About the Artwork Series
The Billabong Boudoirs was inspired by a series of events that ocurred towards the end of last year, flowing into 2020, all of them etched vividly in my mind: the strangling drought and the furnace of the bushfires in Australia, and then an overseas trip to Europe and the UK. These events left strong visual impressions on me that begged for closer observation. In these images there seemed to be so much dichotomy: devastation and heartache, beauty and elegance. How to make sense of it all was the challenge that confronted me at the beginning of this year. The best place to explore these questions has always for me been in my work.
I find the element of space in the picture plane intriguing. Curiosity propels me to chop the picture plane up, dividing it, covering some sections in colour and textures, tone and form, and other to remain flat and abstract.
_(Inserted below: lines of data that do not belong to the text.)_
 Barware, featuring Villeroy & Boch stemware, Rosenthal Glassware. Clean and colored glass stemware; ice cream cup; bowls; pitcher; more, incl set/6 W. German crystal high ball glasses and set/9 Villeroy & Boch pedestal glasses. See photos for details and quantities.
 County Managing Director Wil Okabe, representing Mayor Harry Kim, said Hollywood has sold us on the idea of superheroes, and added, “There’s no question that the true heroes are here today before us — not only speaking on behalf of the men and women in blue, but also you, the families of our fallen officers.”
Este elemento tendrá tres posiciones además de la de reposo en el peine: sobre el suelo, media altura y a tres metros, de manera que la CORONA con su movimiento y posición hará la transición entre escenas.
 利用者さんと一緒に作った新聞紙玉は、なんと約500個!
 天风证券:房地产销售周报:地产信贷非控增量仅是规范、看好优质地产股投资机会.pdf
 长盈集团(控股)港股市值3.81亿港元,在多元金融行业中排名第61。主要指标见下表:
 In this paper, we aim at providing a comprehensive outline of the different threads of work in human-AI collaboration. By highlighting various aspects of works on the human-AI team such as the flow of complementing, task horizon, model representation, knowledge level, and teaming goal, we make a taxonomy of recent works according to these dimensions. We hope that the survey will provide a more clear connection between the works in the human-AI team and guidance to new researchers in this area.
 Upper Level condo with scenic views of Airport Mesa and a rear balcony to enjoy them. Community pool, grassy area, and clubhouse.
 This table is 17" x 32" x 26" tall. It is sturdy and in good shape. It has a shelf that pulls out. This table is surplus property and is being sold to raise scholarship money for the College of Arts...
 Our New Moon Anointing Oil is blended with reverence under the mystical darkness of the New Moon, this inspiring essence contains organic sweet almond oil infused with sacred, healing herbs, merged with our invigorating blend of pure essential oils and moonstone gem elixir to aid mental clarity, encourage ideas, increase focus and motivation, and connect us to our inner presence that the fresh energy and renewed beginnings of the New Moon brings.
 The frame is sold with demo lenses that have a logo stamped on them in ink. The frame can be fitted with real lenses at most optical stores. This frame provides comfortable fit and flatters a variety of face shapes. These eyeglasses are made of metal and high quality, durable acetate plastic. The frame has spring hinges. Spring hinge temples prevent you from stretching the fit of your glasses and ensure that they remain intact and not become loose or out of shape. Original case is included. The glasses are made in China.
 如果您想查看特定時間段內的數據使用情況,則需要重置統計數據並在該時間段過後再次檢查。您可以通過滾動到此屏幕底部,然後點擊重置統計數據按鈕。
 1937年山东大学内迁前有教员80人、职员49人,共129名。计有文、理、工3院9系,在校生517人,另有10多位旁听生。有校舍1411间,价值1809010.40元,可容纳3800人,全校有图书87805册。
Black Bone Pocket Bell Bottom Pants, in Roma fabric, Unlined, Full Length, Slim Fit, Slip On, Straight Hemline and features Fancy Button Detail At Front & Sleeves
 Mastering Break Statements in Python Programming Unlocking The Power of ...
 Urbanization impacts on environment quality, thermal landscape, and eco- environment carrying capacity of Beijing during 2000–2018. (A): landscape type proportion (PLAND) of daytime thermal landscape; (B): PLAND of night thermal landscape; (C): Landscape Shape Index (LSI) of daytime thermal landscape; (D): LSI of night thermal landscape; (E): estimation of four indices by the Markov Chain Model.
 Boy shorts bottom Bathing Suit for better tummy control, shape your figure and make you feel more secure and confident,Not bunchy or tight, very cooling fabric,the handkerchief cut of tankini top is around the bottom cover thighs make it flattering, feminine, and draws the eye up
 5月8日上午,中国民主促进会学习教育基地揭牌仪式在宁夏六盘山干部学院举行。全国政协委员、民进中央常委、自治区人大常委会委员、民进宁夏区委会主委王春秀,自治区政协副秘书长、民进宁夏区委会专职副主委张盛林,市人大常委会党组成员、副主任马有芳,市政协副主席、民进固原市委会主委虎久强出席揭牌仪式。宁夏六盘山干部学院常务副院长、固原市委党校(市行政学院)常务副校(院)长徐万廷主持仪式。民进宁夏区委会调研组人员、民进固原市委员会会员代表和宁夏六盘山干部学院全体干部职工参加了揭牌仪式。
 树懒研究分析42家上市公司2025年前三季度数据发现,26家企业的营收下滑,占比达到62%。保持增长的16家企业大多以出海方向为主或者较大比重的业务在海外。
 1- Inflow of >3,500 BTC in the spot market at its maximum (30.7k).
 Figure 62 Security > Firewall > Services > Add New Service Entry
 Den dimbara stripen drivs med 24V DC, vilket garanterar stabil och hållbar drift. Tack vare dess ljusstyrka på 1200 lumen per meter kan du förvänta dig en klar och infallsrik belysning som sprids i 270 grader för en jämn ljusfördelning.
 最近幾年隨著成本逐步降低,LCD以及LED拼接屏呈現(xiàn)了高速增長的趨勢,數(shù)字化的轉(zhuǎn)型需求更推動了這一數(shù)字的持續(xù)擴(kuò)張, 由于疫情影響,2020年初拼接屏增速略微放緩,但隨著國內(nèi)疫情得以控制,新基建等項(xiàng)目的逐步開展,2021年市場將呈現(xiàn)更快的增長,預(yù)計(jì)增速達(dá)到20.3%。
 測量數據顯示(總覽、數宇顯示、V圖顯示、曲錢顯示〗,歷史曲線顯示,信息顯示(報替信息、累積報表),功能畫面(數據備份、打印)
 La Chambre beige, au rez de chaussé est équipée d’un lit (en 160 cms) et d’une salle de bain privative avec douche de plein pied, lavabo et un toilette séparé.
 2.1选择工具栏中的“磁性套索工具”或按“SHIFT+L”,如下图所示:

The challenge then becomes one of stitching it all together back to a harmonious whole. The whole process is utterly absorbing as I am constantly seeing new possibilities to be explored. The floors of the boudoirs, similar to the tables in the Wallpaper series, seem to want to lie flat on the picture plane, whilst the walls want to move with form of birds and trees. The floors are treated in a woodblock fashion, the dark ink line cutting into the canvas much as a cutting knife would cut into a printing block. The initial process starts with thumbnail sketches of the composition. First the large divisions of plane into floor and walls, then details of furniture, baths, surfboards and chairs, moving into the space. I was delighted to find lyrebirds peeking from behind screens and entering doorways, echidnas foraging for ants on the red earth floor. They came as a surprise to me, and yet provided the solutions needed in the composition – they were the perfect fit.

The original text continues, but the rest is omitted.